This article is part of the supplement: Genetic Analysis Workshop 17: Unraveling Human Exome Data
Identification of genes associated with complex traits by testing the genetic dissimilarity between individuals
1 Department of Epidemiology, School of Public Health, Emory University, 1518 Clifton Road NE, Atlanta, GA 30322, USA
2 Department of Epidemiology, School of Public Health, University of Michigan, 1415 Washington Heights, Ann Arbor, MI 48109-2029, USA
3 Department of Statistics, University of Michigan, 439 West Hall, 1085 South University Avenue, Ann Arbor, MI 48109-1107, USA
BMC Proceedings 2011, 5(Suppl 9):S120 doi:10.1186/1753-6561-5-S9-S120Published: 29 November 2011
Using the exome sequencing data from 697 unrelated individuals and their simulated disease phenotypes from Genetic Analysis Workshop 17, we develop and apply a gene-based method to identify the relationship between a gene with multiple rare genetic variants and a phenotype.
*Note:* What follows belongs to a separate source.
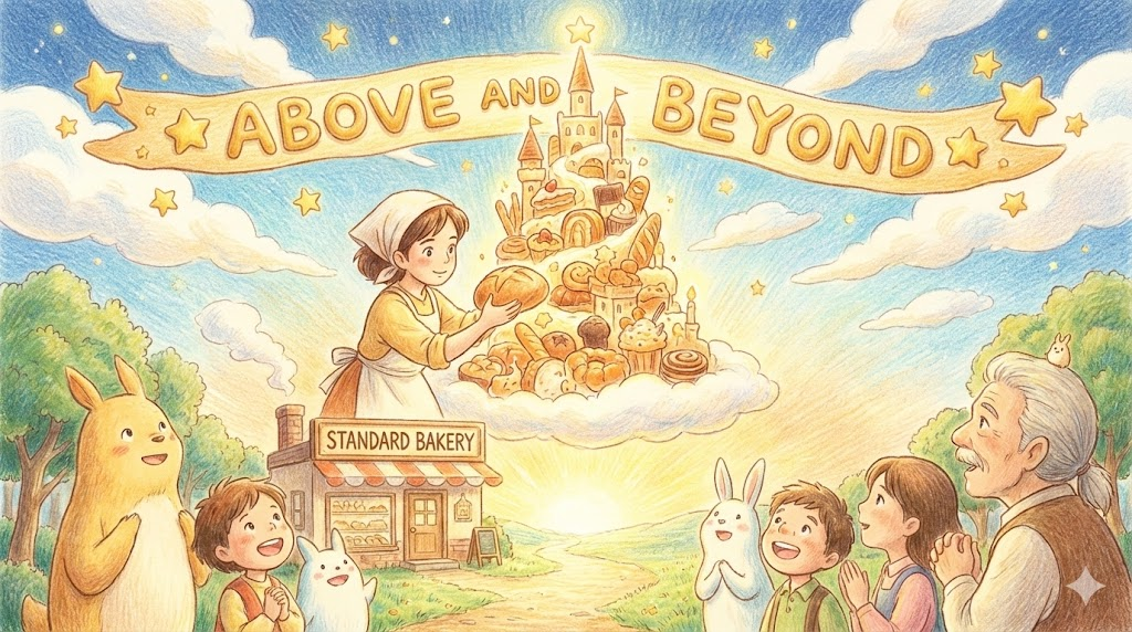 - Above and beyond: 단순히 넘는 것(beyond) 그 위(above)까지 간다는 뜻으로, 맡은 의무보다 '기대 이상으로(훨씬 더 헌신적으로)' 해내는 것을 칭찬할 때 씁니다.

The method is based on the Mantel test, which assesses the correlation between two distance matrices using a permutation procedure. Using up to 100,000 permutations to estimate the statistical significance in 200 replicate data sets, we found that the method had 5.1% type I error at an α level of 0.05 and had various power to detect genes with simulated genetic associations. FLT1 and KDR had the most significant correlations with Q1 and were replicated 170 and 24 times, respectively, in 200 simulated data sets using a Bonferroni corrected p-value of 0.05 as a threshold. These results suggest that the distance correlation method can be used to identify genotype-phenotype association when multiple rare genetic variants in a gene are involved.